Tom would die in 1995 before this plan could fully come to fruition, and as such, the park was named in his memory. Located on the riverfront, it is much easier to tell that this area was once home to railroad development, as an active BNSF line runs through the park, one that is crossed at-grade to enter the park.

Looking west entering the park. More activity can be seen west of the Chicago River, including Amtrak trains into Union Station.
The park's boundaries are the Chicago River, the Canal St Railroad Bridge, Chinatown, Wentworth Ave, and the St. Charles Air Line Bride to the north, all of which can be seen very well from the park.

Top & Bottom Images taken by Mark Llanuza, first in 1982 and then in 2013 of the area.
I would think that Tom would have been pleased with the outcome of the park, as compared with the bustling Chinatown Square, it is tranquil and scenic.

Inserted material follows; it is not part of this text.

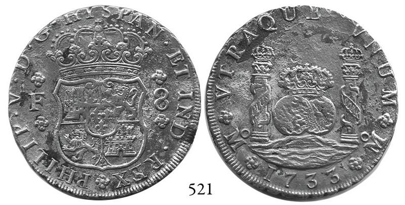Mexico City, Mexico, pillar 8 reales, Philip V, 1733F.

It's also a Water Taxi stop, so you're able to take a ride on the Chicago River to Downtown for a relatively low price. 

A pagoda shaped pavilion is the first thing park goers see after crossing the railroad tracks.
Looking south along the river, you can easily see the very active Canal St Railroad Bridge from the park.

One interesting thing about the park was that there was someone playing a flute like instrument near the 18th St bridge, adding to the calm atmosphere in the otherwise busy area immediately south and west of here.
Memorial to Ping Tom, documenting his contribution to the creation of the park.

Of course, we couldn't leave without taking pictures of ourselves!

Thanks as always for reading, and as always, let us know what you thought, and if you have anything to add about Chinatown Square and Ping Tom Memorial Park!


  1. This is a nice summary of the transformation of this area. Since it is within walking distance of 18th Street over Amtrak and the 16th Street Tower, it is one of my favorite rail fanning places. One issue I spotted is that the active railroad is Canadian National, not BNSF. It seems I can't include a photo in a comment, so this link should take you to some photos of a CN train coming through the park:

    1. Dennis, thanks for the comment and kind words about the blog as well as the note that it is the CN, not BN, mainline. Your blog was also very informative in finding some photos and history of the area as well, so thank you for your work!

  2. Hello, thank you for the interesting blog post. I am an architecture student working on my master's thesis, focusing on reusing the closed Union Pacific container yard in Chinatown between W 23rd St and essentially the Dan Ryan. I was wondering if you had any resources about that history, construction, etc. Fascinating blog! Thanks, Juanita

    1. Hello and thanks for the comment. I do not, but I would check with the Santa Fe Historical Society, they would almost certainly have some items that would help you.

      Best of luck on your masters!

    2. Thanks so much for your quick reply! I will connect with the Santa Fe Historical Society per your suggestion. Thanks again for the interesting posts!